The latest Child Oral Health Survey from Public Health England did find improvements in overall tooth decay levels but also wide regional inequalities, with only 5.1 per cent of young children in Waverley in Surrey presenting with decay compared to 49.4 per cent in Pendle in Lancashire. Five-year-olds in Pendle have on average 2.3 decayed, missing or filled teeth compared to just 0.1 for those in Waverley.

Dental advocates including the BDA have expressed concern that authorities in England have failed to follow the lead set by devolved governments to bring supervised brushing to schools and nurseries. They cite the Childsmile (Scotland) and Designed to Smile (Wales) programmes which use targeted interventions and have had success in reducing NHS treatment costs.

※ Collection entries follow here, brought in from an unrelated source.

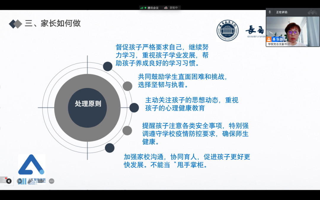 其后,张磊书记为各位家长介绍了公司员工工作情况,并与家长分享了题为“梦想在这里起航,成功在这里开始”的育人理念。她介绍了公司的办学理念,以员工为本,立足员工培养全面发展,把德育放在首位,突出应用型人才创新素质和实践能力的培养。其次,与员工家长分享大学应该怎样学习,她重点从三个方面讲解:一是纠正了普遍存在的“上大学就轻松了”的认识误区;二是如何一手抓学历一手抓职业能力;三是如何提升自我承受能力、自我控制能力以及人际交往能力。最后,她提醒大家,开学季是诈骗的高峰期,各位同学家长们需提高防范意识和自我保护,谨防诈骗,同时也希望各位家长督促孩子严格要求自己,继续努力学习,重视孩子学业发展,帮助孩子养成良好的学习习惯。共同鼓励员工直面困难和挑战,促进孩子更好更快发展,收获精彩的老员工活。
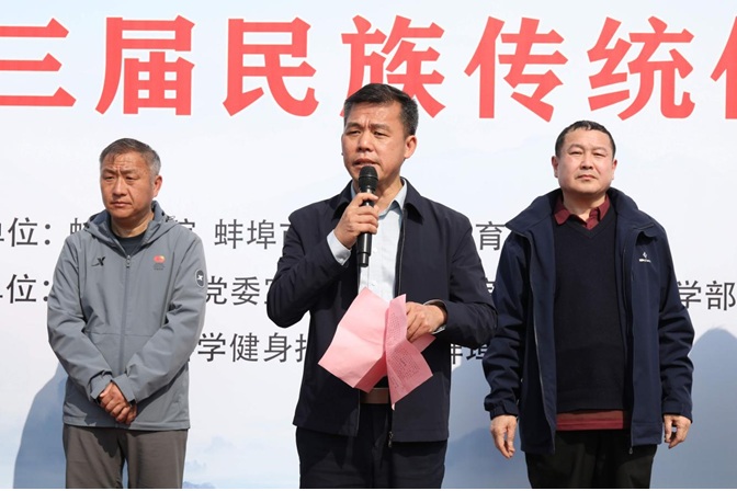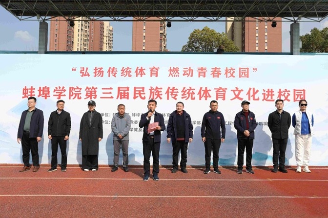 张尔桂在致辞中表示,学校始终高度重视民族传统体育文化传承与校园文化建设深度融合,持续推动武术、花鼓灯、五禽戏等传统体育项目融入课堂教学与校园生活,育人成效显著。学校将以此次活动为契机,进一步推动民族传统体育从“进校园”走向“驻校园”,持续打造具有蚌埠学院特色的民族传统体育育人模式,引导广大青年学子在运动中强健体魄、传承文化、砥砺品格、增强自信。
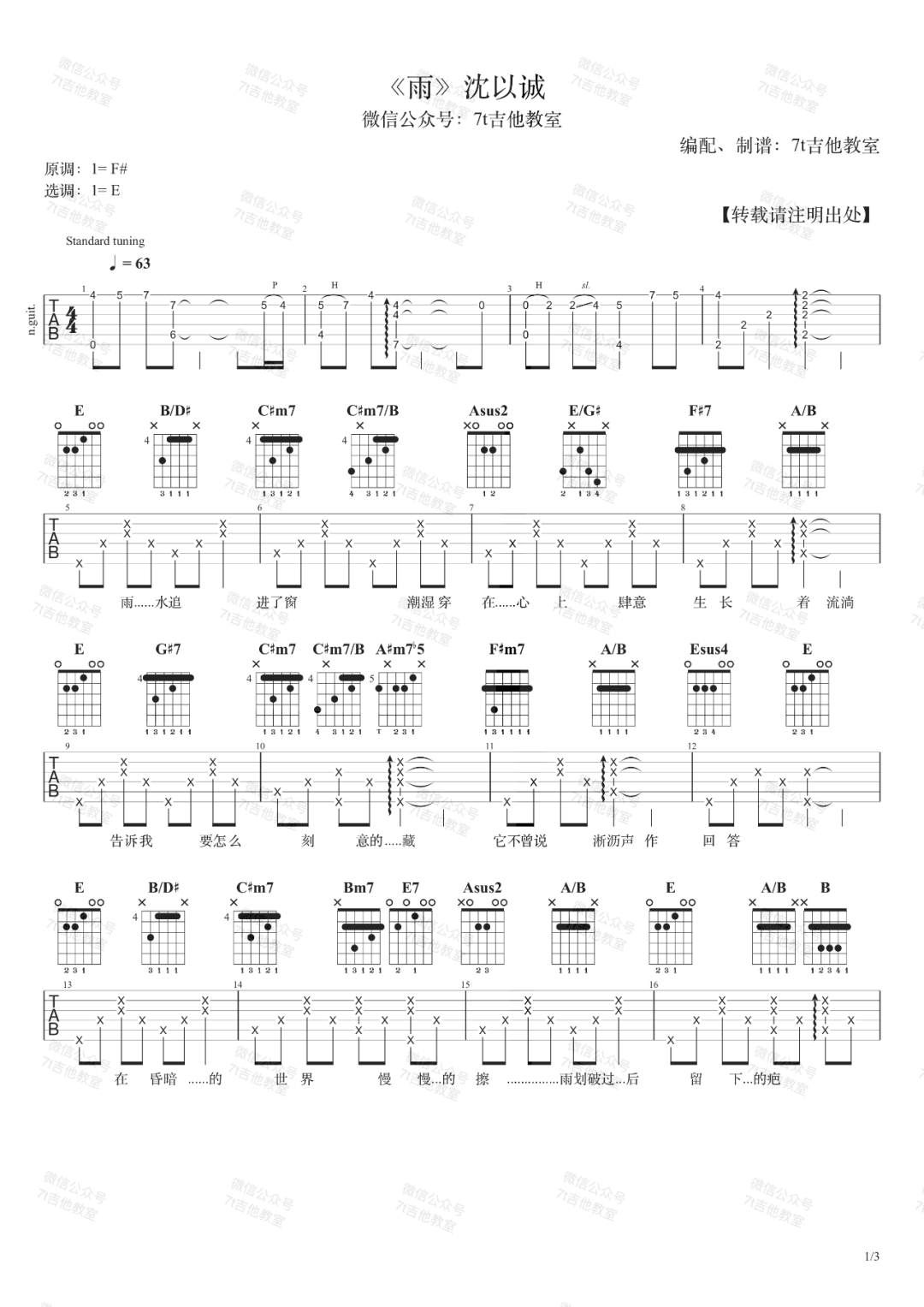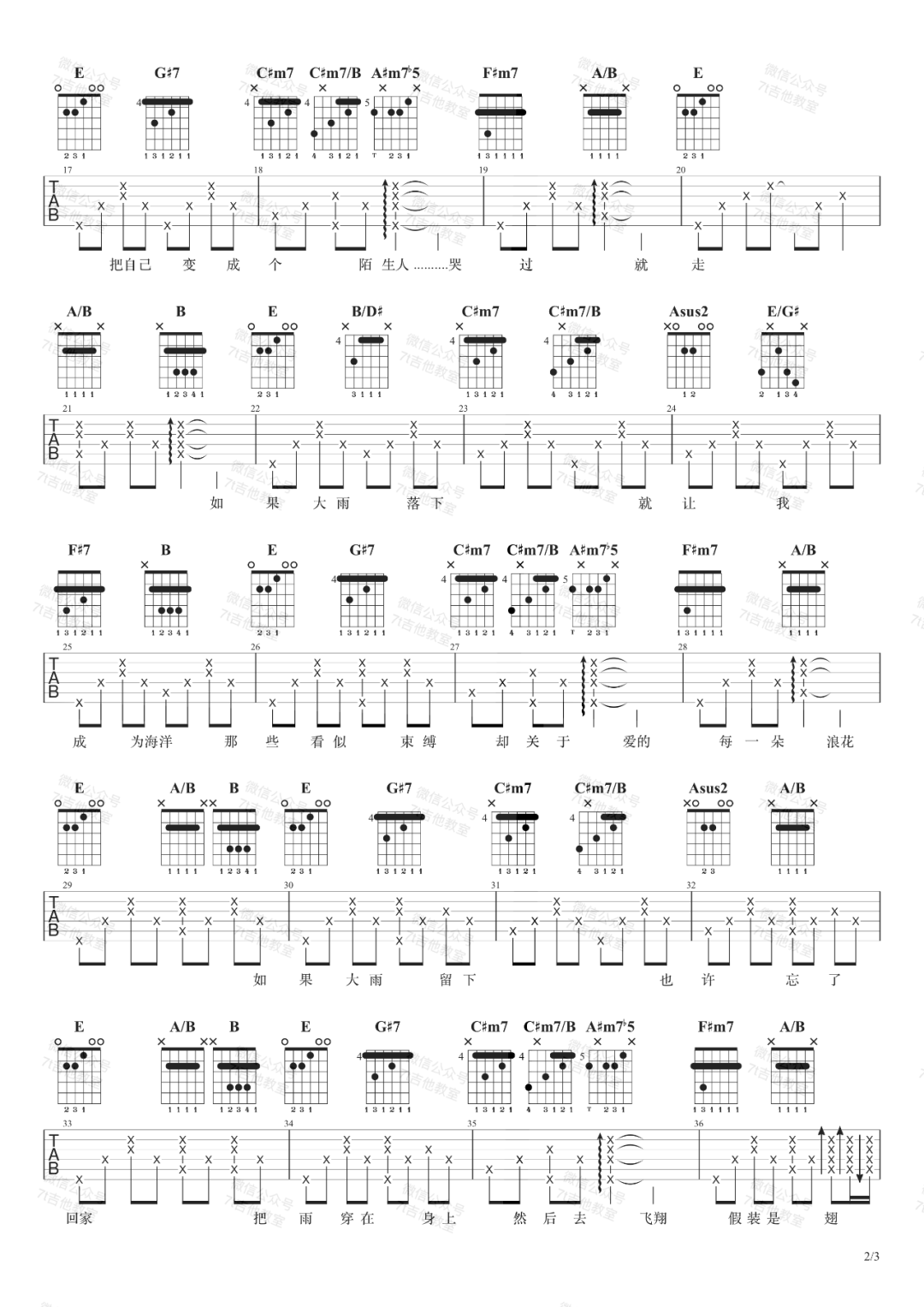 > 雨 E调指法原版编配
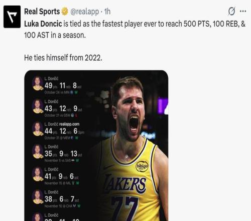 第八項:東契奇開季15場拿到至少500分100助攻100籃板追平22年的自己并列歷史最快;
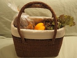 私が好きなのが、シャツとデニム等のカジュアルファッションに、やまぶどうのかごバッグを合わせるコーディネートです。私は週末に果物や野菜、ベーカリーのハードブレッド等を商店街で購入する事が多いのですが、青果類と、このかごバッグが非常に相性良しなのです。ポリエステル製のエコバッグでも良いのですが、かごバッグは底がしっかりしているので、リンゴ等の丸い果物を入れてもおさまりが良いですし、かごバッグを持って買い物をすると、外国のマルシェに出かけているような、ちょっとしたワクワク感も味わえます(笑)。 見た目も、かごバッグから良い焼き色のパンや果物がちらっと見えていると可愛いですよ。そしてかごバッグの内側が汚れないか心配な時は、ざぶざぶ洗える綿素材等の中袋を入れておけば安心です。(私も通常、綿素材の中袋を入れた状態で使っています。)
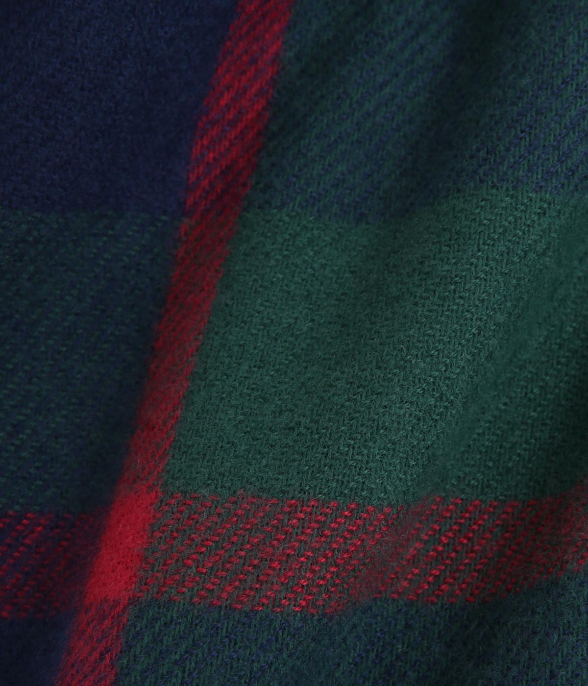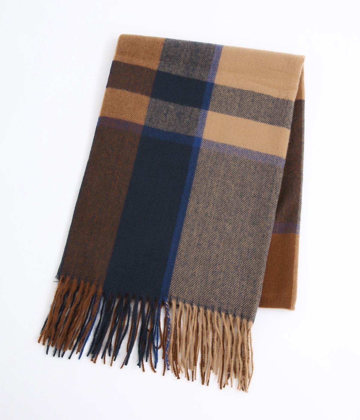 ビターな配色が大人スタイルにしっくりなじむ、チェック柄ストール。大判の長方形タイプに両端のフリンジがきいたデザインで、首に巻くとほどよいボリューム感が出ます。肩やひざに掛けたり、冷え対策にも重宝する一枚。
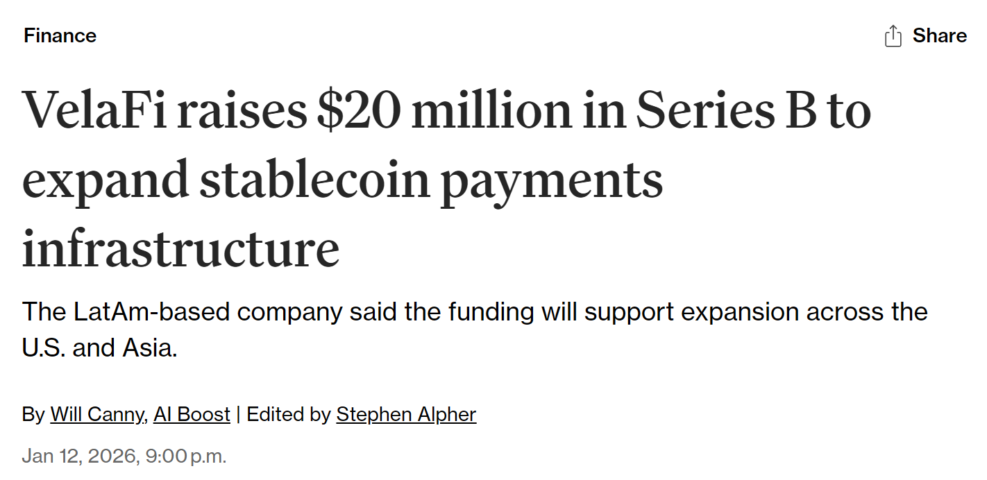 - 稳定币金融基础设施提供商 VelaFi 完成 2000 万美元 B 轮融资,XVC 和 Ikuyo 领投
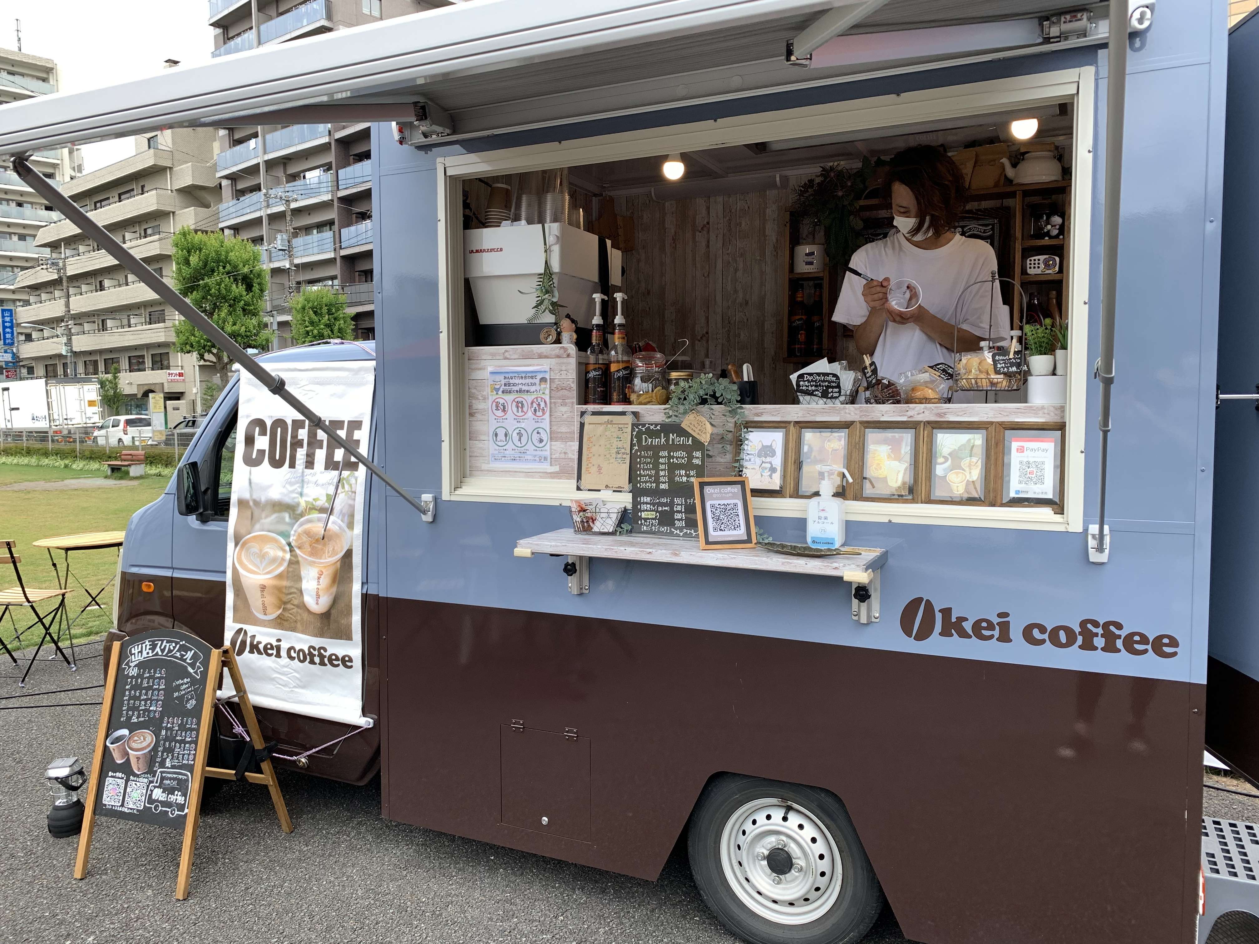 今日は移動コーヒーのお店、okei coffeeさんの煎りたてエスプレッソラテをいただきました。
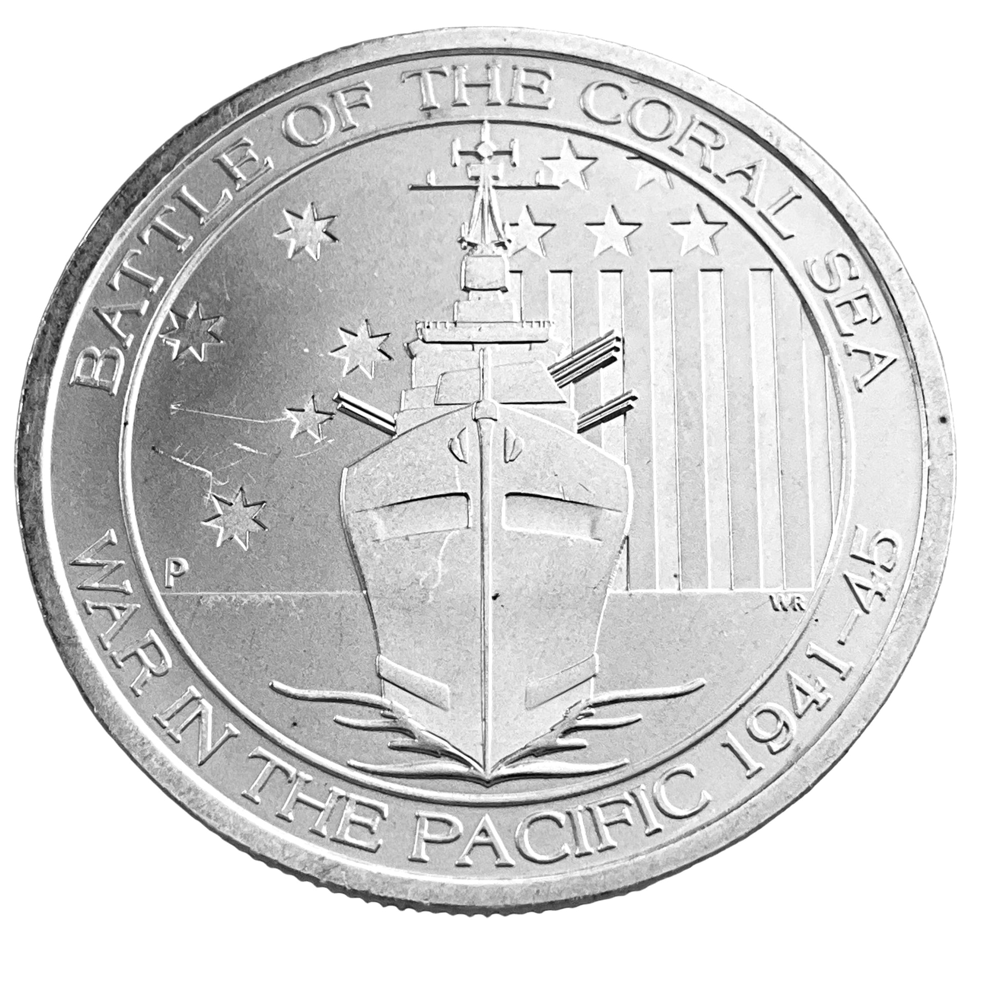 Inscriptions: The coin is inscribed with "WAR IN THE PACIFIC 1941-45" and "BATTLE OF THE CORAL SEA".
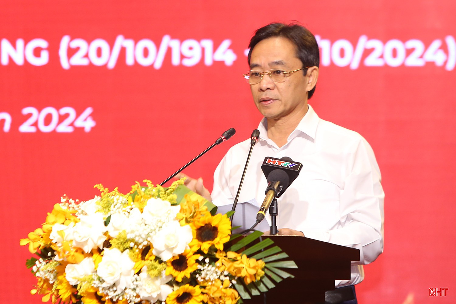 | Phó Bí thư Thường trực Tỉnh ủy Hà Tĩnh Trần Thế Dũng phát biểu đề dẫn hội thảo. |

The BDA points out that tooth decay is the number one reason for child hospital admissions in England. Each day 170 children and teenagers in England undergo tooth extractions under general anaesthesia in hospitals in England at a cost of £36 million per year. The number of operations has increased by 17 per cent since 2012.

The BDA advocates a coherent and appropriately funded strategy to bridge the inequalities gap and urges greater effort from both local and national government.

Chair Mick Armstrong said: "It's a tragedy that a child's oral health is still determined by their postcode and their parents' incomes.

"We should not accept that a child raised in Pendle will enter primary school with twenty times the levels of decay as one born in the Surrey home of the Health Secretary. Sadly while cavities are almost wholly preventable, official indifference means this inequality gap shows little sign of narrowing."